• **Task prompt**
Set down exactly the lines below, starting at the one that contains "全新國泰首間實體店，消費滿指定金額可獲扭蛋一次。" and ending at the one that contains "Fábrica de Iveco", with both of those lines included and nothing else.

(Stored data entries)
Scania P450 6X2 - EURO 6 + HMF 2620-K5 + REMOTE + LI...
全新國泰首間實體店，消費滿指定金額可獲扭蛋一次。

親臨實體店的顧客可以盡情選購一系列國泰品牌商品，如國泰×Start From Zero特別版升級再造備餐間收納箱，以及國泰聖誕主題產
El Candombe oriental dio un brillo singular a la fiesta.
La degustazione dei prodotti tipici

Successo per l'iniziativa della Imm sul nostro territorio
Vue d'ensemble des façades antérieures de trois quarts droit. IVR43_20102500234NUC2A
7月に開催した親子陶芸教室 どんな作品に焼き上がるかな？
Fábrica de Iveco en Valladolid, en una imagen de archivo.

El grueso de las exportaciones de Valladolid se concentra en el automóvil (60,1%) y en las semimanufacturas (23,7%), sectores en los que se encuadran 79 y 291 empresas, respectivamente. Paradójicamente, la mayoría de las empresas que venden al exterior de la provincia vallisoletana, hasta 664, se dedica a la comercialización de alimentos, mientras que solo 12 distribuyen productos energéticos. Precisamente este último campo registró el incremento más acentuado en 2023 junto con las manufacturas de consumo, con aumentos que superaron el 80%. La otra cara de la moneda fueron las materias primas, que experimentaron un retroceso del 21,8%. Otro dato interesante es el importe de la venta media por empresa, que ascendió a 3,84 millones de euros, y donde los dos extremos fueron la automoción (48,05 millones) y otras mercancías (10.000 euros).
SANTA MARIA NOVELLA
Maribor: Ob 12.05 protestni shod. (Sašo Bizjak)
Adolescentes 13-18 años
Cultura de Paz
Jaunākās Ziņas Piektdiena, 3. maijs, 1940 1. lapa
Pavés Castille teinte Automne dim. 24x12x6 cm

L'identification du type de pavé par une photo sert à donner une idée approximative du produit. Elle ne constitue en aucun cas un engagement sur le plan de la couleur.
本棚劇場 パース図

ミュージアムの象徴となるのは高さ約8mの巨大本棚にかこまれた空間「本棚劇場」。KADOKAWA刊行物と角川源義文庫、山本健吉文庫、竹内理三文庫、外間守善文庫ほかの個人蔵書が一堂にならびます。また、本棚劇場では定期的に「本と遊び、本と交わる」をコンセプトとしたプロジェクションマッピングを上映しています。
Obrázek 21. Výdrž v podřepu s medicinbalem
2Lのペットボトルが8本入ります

• **Exercise response**
全新國泰首間實體店，消費滿指定金額可獲扭蛋一次。

親臨實體店的顧客可以盡情選購一系列國泰品牌商品，如國泰×Start From Zero特別版升級再造備餐間收納箱，以及國泰聖誕主題產
El Candombe oriental dio un brillo singular a la fiesta.
La degustazione dei prodotti tipici

Successo per l'iniziativa della Imm sul nostro territorio
Vue d'ensemble des façades antérieures de trois quarts droit. IVR43_20102500234NUC2A
7月に開催した親子陶芸教室 どんな作品に焼き上がるかな？
Fábrica de Iveco en Valladolid, en una imagen de archivo.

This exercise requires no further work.